Consumers cite three reasons for the shift in their expectations.

More Singaporeans (50%) now expect inflation to decline in the next 12 months, the Singapore Index of Inflation Expectations Survey revealed.

In the December 2022 edition of the survey, only 41% believed that price pressures will ease within a year.

According to the survey, consumers are now more positive about their inflation expectations because central banks in major economies are raising interest rates (41%), and there has been a slowdown in global growth (35%). 

Consumers also expect the resolution of pandemic-induced supply chain disruptions to relieve price pressures. 

Whilst more Singaporeans think prices will decrease, some believe otherwise.

Based on the survey, 41% of consumers still expect inflation to increase in the next 12 months, likely because of central banks in major economies raising interest rates (36%), higher demand due to the relaxation of pandemic restrictions (27%) and geopolitical uncertainties due to the Ukraine-Russia conflict (23%).

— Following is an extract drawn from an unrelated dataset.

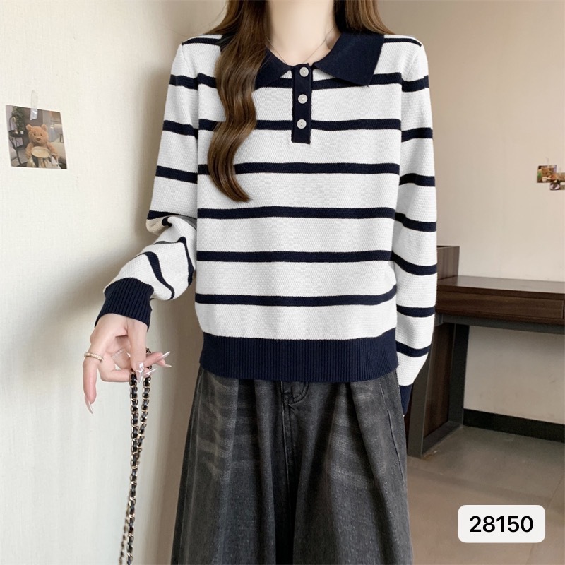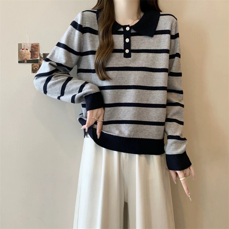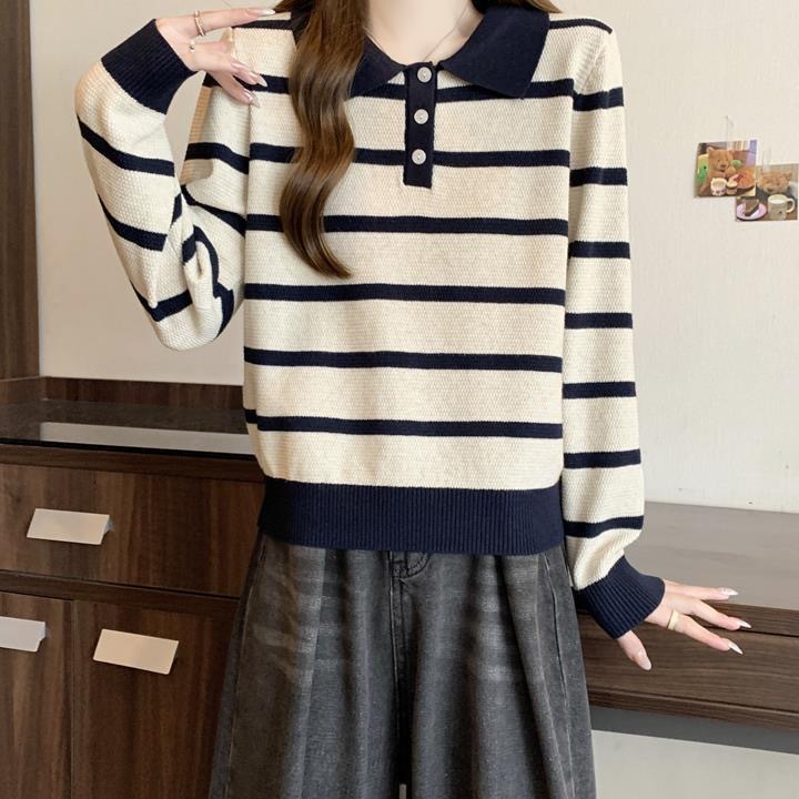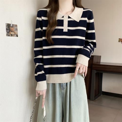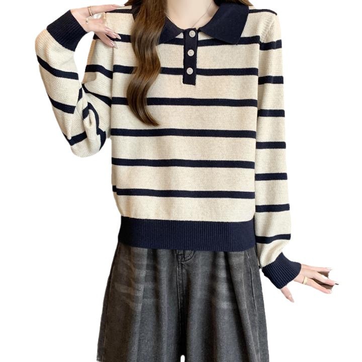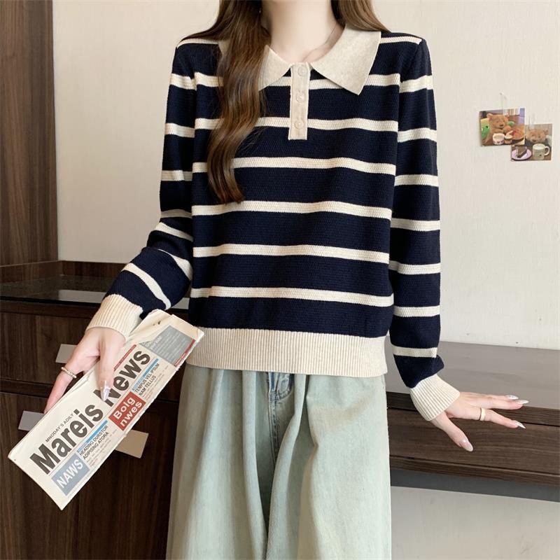 Гонконгский стиль ретро-контрастный цвет в полоску Polo-образный трикотаж женский осенний корейский выпуск свободного лацкана дикая повседневная одежда

Some (11%) also cited lingering supply chain disruptions to push prices up. 

Meanwhile, the survey also found that consumers are divided on whether the current economic conditions will negatively impact one-year-ahead and five-year-ahead overall inflation.

Consumers are unsure whether current economic conditions will positively or negatively impact food, transportation, housing & utilities, healthcare, clothing & footwear, and household durables & services.